I'm new to OpenRefine but attempting to use it for a large data project I am working on. I have a bunch of text that I need to extract only a portion of, and am a bit stuck. I'm hoping for some help!

Here's an example of my text: 
Crittenden, A.N., Metabolism, Anthropometry, and Nutrition Laboratory, Department of Anthropology, University of Nevada Las Vegas, NV, United States; Sorrentino, J., D.M.D. Family and Cosmetic Dentistry, New York, United States; Moonie, S.A., Epidemiology and Biostatistics, School of Community Health Sciences, University of Nevada Las Vegas, NV, United States; Peterson, M., Dorobo Fund, Arusha, Tanzania; Mabulla, A., Department of Archaeology, University of Dar es Salaam, Dar es Salaam, Tanzania; Ungar, P.S., Department of Anthropology, University of Arkansas, Fayetteville, AK, United States


I need to extract the bolded text only into a separate column. The below topic is (I believe) close to what I want. I can't figure out how to adjust the regex to get just the text string I need using a keyword. I don't need the "join" portion at the end.

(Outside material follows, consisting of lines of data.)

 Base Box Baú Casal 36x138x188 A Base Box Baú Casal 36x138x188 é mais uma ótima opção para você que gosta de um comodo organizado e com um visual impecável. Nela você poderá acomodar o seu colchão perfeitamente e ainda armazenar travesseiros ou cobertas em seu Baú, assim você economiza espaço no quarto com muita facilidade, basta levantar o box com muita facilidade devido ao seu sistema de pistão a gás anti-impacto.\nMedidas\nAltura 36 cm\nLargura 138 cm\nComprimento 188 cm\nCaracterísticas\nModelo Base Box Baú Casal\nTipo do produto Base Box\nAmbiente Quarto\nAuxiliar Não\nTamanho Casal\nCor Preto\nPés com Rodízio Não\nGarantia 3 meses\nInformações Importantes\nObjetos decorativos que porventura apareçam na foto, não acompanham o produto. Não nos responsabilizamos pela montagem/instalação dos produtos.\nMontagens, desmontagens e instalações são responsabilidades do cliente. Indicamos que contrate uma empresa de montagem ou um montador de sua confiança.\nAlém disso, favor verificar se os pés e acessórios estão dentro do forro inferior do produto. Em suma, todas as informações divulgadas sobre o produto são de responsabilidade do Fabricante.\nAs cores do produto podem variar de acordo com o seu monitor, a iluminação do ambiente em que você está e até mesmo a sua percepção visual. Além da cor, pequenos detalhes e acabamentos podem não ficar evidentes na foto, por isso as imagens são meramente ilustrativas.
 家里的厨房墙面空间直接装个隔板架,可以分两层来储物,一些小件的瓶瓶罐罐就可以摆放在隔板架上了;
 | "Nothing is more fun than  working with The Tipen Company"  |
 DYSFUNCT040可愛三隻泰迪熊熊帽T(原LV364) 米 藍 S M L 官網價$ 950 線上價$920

Some important information: 
The keywords I need to look for are "university", "college", "school" and "institute". 
The university names can vary in length, but are always between two commas. 
The university name can appear in various places in the text, because of this I can't just "Split into several columns" and delete the ones I don't need.

Thanks in advance!!!

Owen Stephens

unread,
Jul 18, 2017, 1:20:28 PM7/18/17
to OpenRefine
If you know that the value you want is always between two commas, then I'd suggest using an approach where you first 'split' the string into an array (a list of things), then check each value in the array to see if it is one of the strings you want to preserve - you can do this with the 'filter' function which takes in an array (list) and outputs only the items in the array that match some criteria you set.

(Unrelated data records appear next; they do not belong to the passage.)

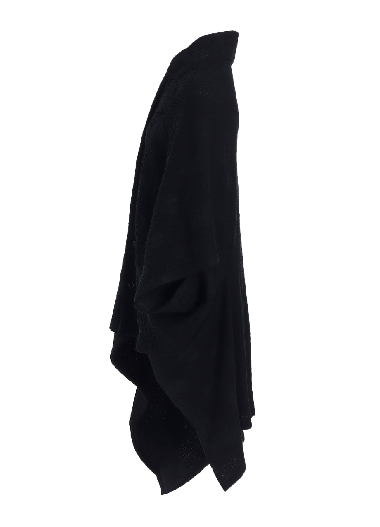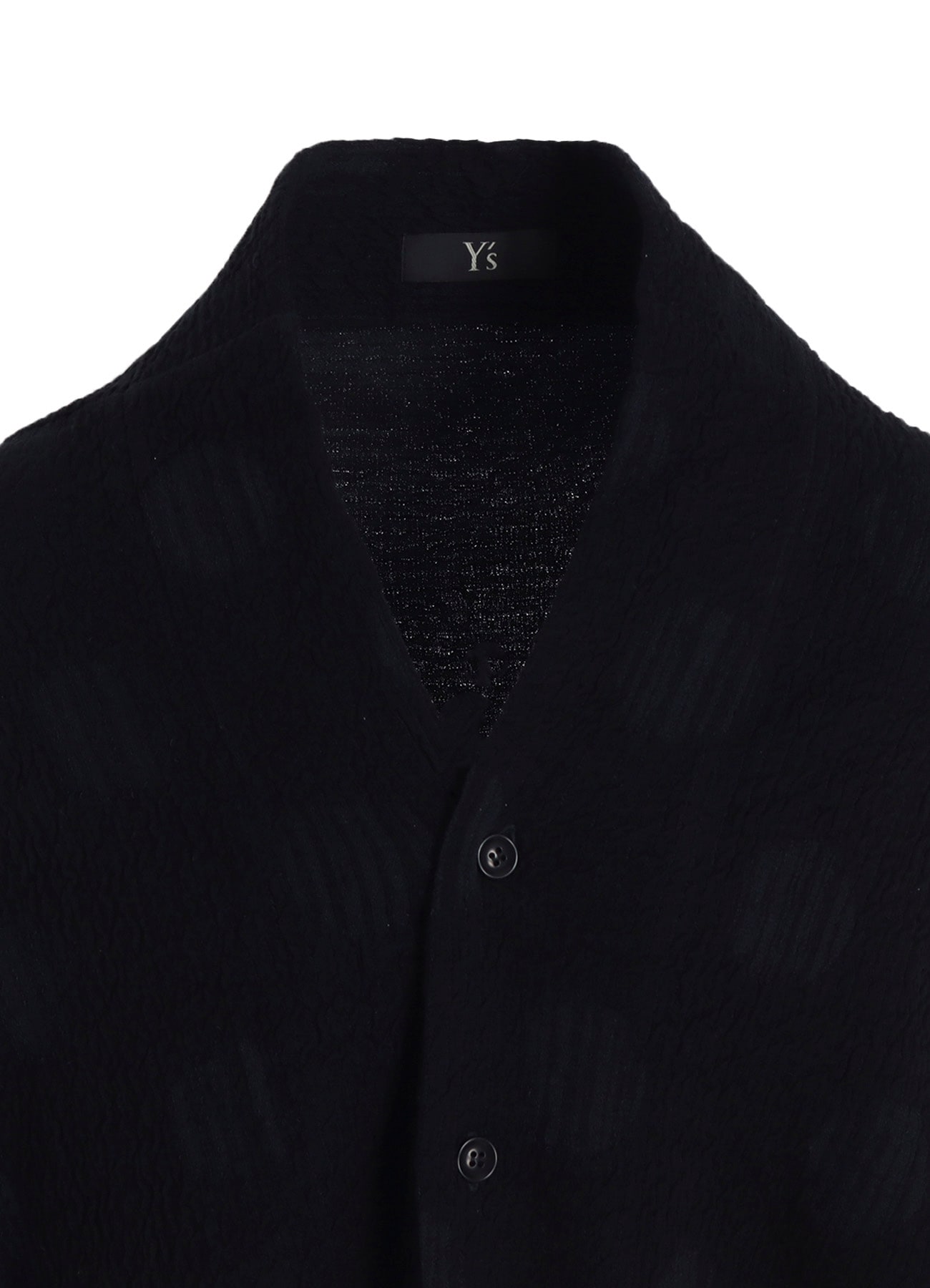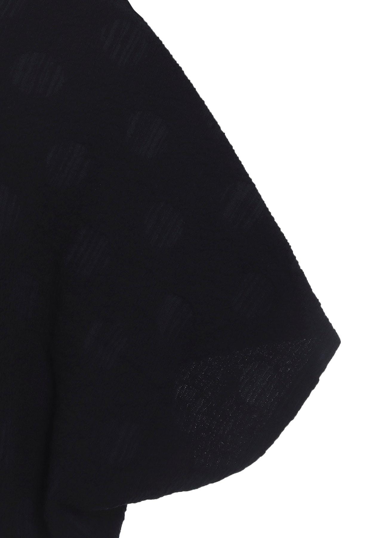 伸びがよく軽い着心地のアシメトリーカーディガン。水玉の中がランダムストライプになっています。ドレープ感があり、布を纏うようなアシンメトリーなシルエット。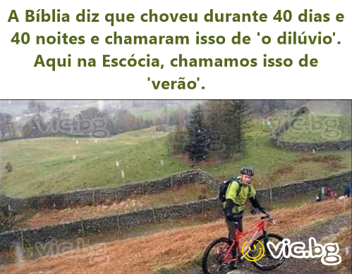 De Bijbel zegt dat het 40 dagen en 40 nachten regende en ze noemden het 'de zondvloed'. Hier in Schotland noemen we dat 'zomer'.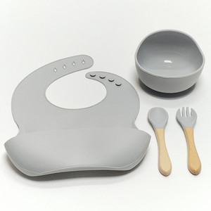 シルバーグレー(子供用ボウル+よだれかけ+木製ハンドル+スプーン+フォーク)

The way I'd do this is something like:

Use 'Edit Column->Add column based on this column'
Call new column "Universities"
filter(value.split(","),v,v.trim().startsWith("University"))

Owen Stephens

unread,
Jul 18, 2017, 1:22:09 PM7/18/17
to OpenRefine

I've tried to do a screen capture here hopefully it will help



On Tuesday, July 18, 2017 at 5:12:08 PM UTC+1, Christina Miskey wrote:

Owen Stephens

unread,
Jul 18, 2017, 1:29:07 PM7/18/17
to OpenRefine
In my original reply I forgot - you need to do a 'join' at the end of the GREL expression because OpenRefine can't store arrays as arrays - you always need to convert it into a string.

So the GREL I use is
filter(value.split(","),v,v.trim().startsWith("University")).join("|")


This gives you a list of Universities extracted from the string, in a list, separated by the pipe "|" character
You could do the same with Colleges, Schools, Institutes, etc.

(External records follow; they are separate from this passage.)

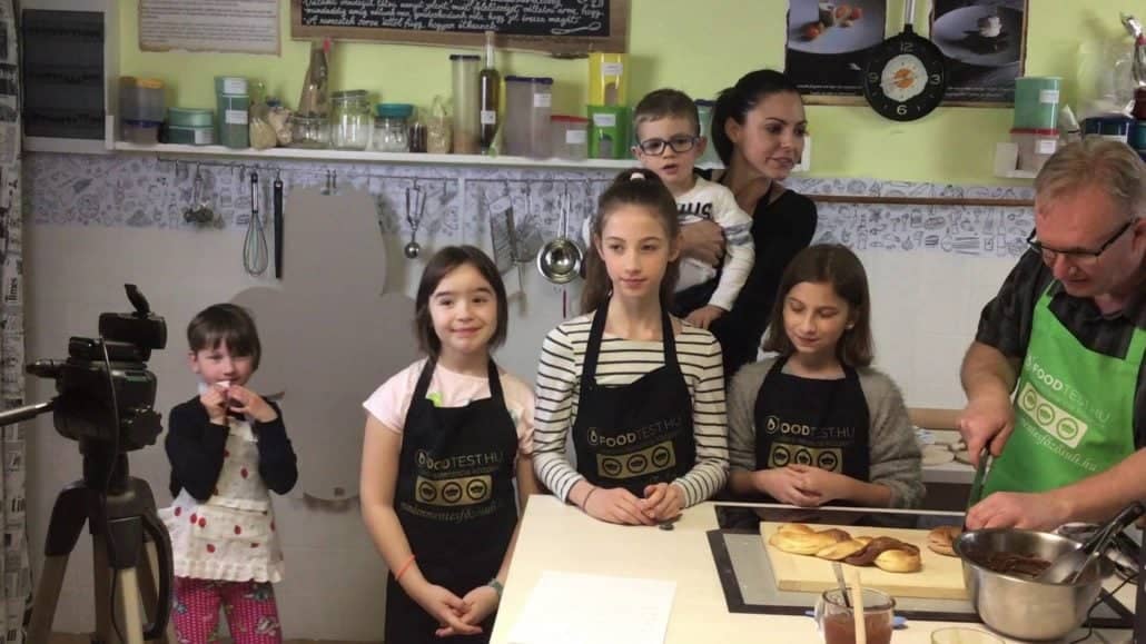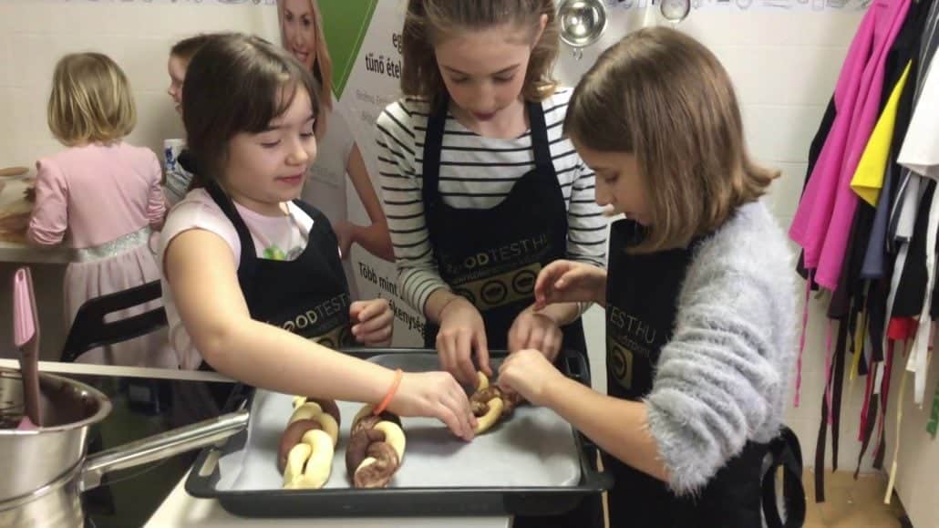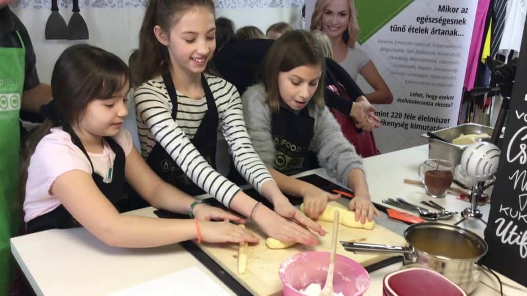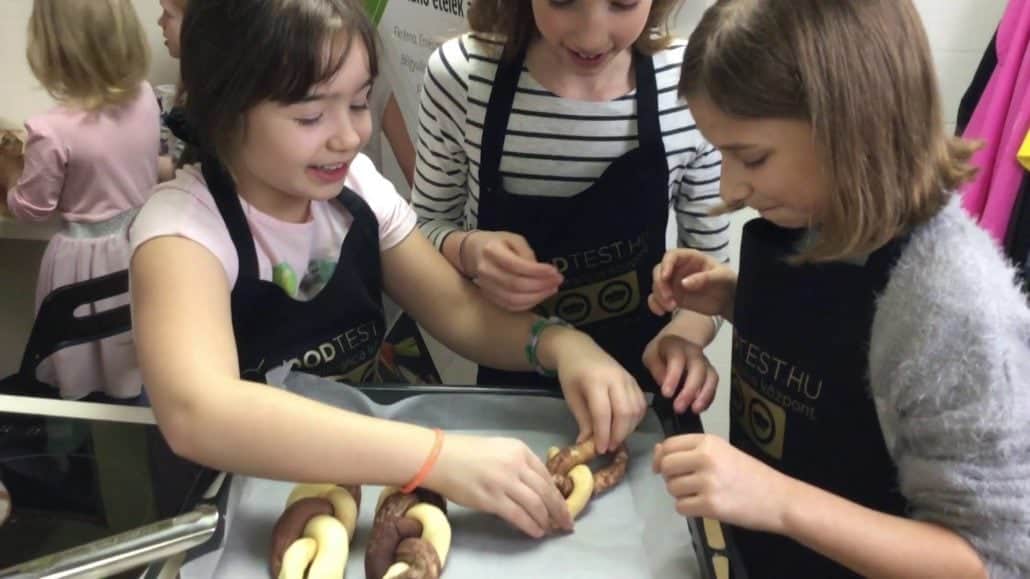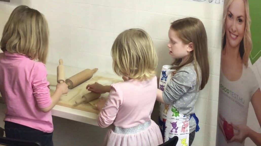 A gyerekek beleteszik a hozzávalókat az edénybe. Attila elmondja, hogy, ha valaki nem ehet élesztőt, akkor szódabikarbónát vagy sütőport lehet helyette használni, de fontos, hogy gluténérzékenység esetén gluténmentes sütőpor legyen. A tésztába kell még margarin vagy vaj is, de aki nem ehet tejet, annak a laktózmentes (tejfehérjementes) margarin javasolt. A margarint meg kell olvasztanunk, de langyosra hűtsük vissza és úgy tegyük a tésztába elmondta Attila. Megnézhetjük az ipari dagasztógép működését is. Ha nincs ipari dagasztógépünk 25-30 percig kell dagasztanunk a tésztát. A tésztát csíkokra vágjuk és gyúrunk belőle hosszú rudakat, amikből később megfonjuk a kalácsot. A gyerekek lelkesen gyúrták a tésztát. A tésztánkat színezhetjük kakaóval és ízesíthetjük vaníliás cukorral is. Anita elmeséli, hogy gyerekként a húsvétot a keresztanyukájánál töltötte Nagykovácsiban, ahol a régi szokások szerint a locsolók házról házra jártak és locsolták a lányokat és rengeteg piros tojást festett Anita.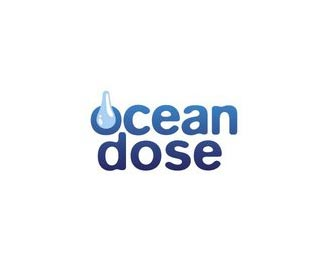 Ocean Dose海洋劑量字母創意標志設計欣賞,以試管、燒瓶代表劑量融入字母“O”作為該標志的主創意圖形,以海洋的藍色作為主識別色。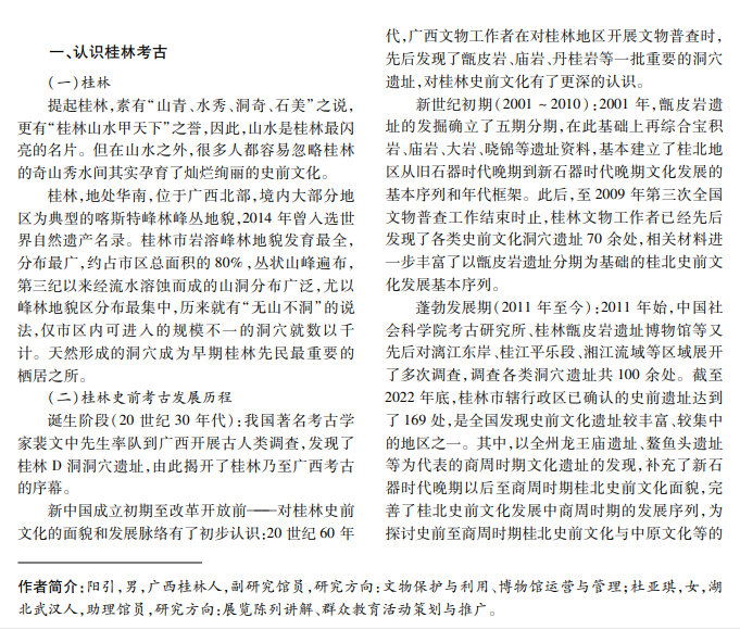 桂林史前遗址类型丰富,已有的考古发掘成果表明,其大部分为洞穴遗址,以甑皮岩、大岩、庙岩 3 个聚落群为主,是岭南众多史前洞穴遗址的典型代表,年代从旧石器时代延续到新石器时代早、中期;余则分布 着岩厦遗址、台地遗址、坡地遗址等类型,以晓锦遗址、全州渡里园遗址、灌阳五马山遗址、父子岩遗址为代表, 年代从新石器时代延续到商周时期。本文选取国家重大遗址保护项目———甑皮岩国家考古遗址公园“一园多 点”中的大岩遗址、甑皮岩遗址、父子岩遗址作为讨论对象。

You could then use 'Edit Cells -> Split multi-valued cells' - with the | character as the separator - this will break the names into separate cells in a column.
I'd recommend then using the '
You can then use OpenRefine faceting and clustering on this column to clean up the data and make sure you have consistent naming of universities etc.

Ettore Rizza

unread,
Jul 18, 2017, 2:05:32 PM7/18/17
to OpenRefine
Example of alternative solution using Python/Jython if you want more flexibility (you said the phrases beginning with "school" or "college", etc, are also interesting):

import re
pattern
= re.compile(r"((university|college|school|institute).+?),", re.I)
list
= []
for i in pattern.findall(value):
     list
.append(i[0])
return ":::".join(list)

Then, you can split the new column using ::: as separator.

Thad Guidry

unread,
Jul 18, 2017, 3:50:51 PM7/18/17
to OpenRefine
Hi Christina,

You may also have a need for doing some faceting work to discover other things as well as duplicates or the variations of Educational Institutions.
I've done similar work against a bag of words such as your usecase before but within the Beef industry :)  Go figure.


In the recipe above I describe how to create a Custom Text facet and then drop in that Jython code and choose Jython as your expression language.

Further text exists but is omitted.